====== Entries supplied
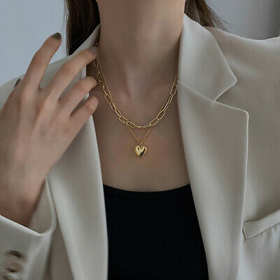 Yu Fashions Heart 2 layered Golden Pendent Link Necklace Chain
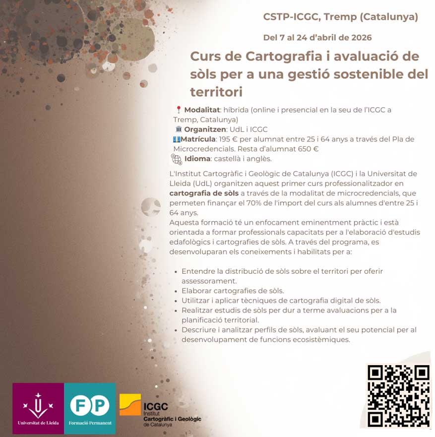 Aquesta formació ofereix una especialització actualitzada per donar resposta als nous reptes ambientals i de planificació territorial, capacitant l’alumnat en les metodologies més avançades en cartografia de sòls. De manera que l’objectiu principal és formar professionals capacitats per elaborar estudis edafològics i cartografies de sòls orientades a una gestió sostenible del territori.
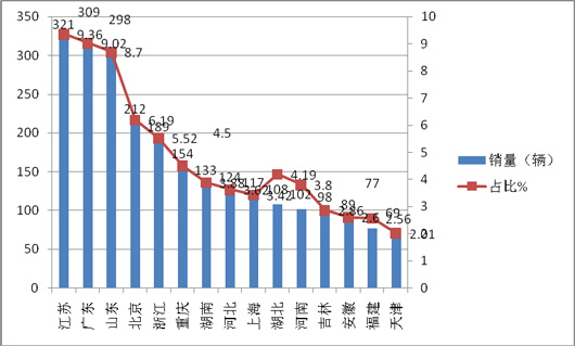 上图表显示,2014年11月前15名新能源客车销售区域共计销售新能源客车2400辆,占据总销量的70.05%,但环比下降了近4.9个百分点(10月5名销量集中度为74.94%)可见,重点区域的市场集中度较高,同时环比减弱。
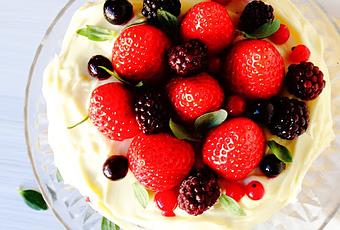 Partir por la mitad el bizcocho, mojar las partes internas con almíbar, sobre una mitad del bizcocho repartir un poco de la crema de mascarpone, poner fresas troceadas, colocar la otra parte del bizcocho pintar con el almíbar, terminar de poner la crema de mascarpone , los frutos rojos y las fresas, decorar con las hojitas de menta.
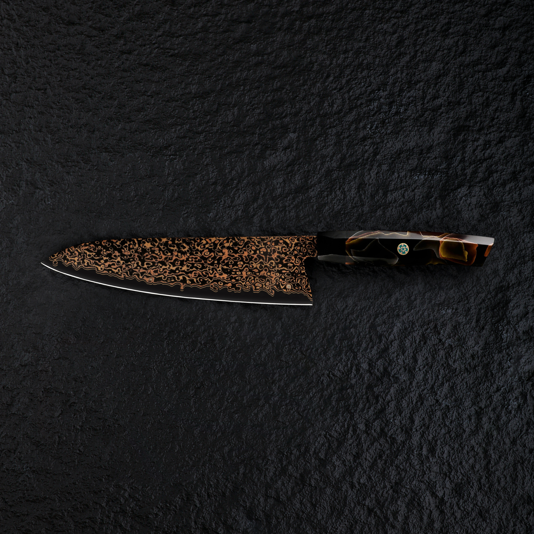 36 layers of black Copper Damascus steel surrounding VG-10 steel core
============
* **Problem requirements**:
The copy should hold, exactly, the lines from the one containing "上图表显示,2014年11月" to the final line of the listing above, with both ends present and no pictures.

* **Written solution**:
 上图表显示,2014年11月前15名新能源客车销售区域共计销售新能源客车2400辆,占据总销量的70.05%,但环比下降了近4.9个百分点(10月5名销量集中度为74.94%)可见,重点区域的市场集中度较高,同时环比减弱。
 Partir por la mitad el bizcocho, mojar las partes internas con almíbar, sobre una mitad del bizcocho repartir un poco de la crema de mascarpone, poner fresas troceadas, colocar la otra parte del bizcocho pintar con el almíbar, terminar de poner la crema de mascarpone , los frutos rojos y las fresas, decorar con las hojitas de menta.
 36 layers of black Copper Damascus steel surrounding VG-10 steel core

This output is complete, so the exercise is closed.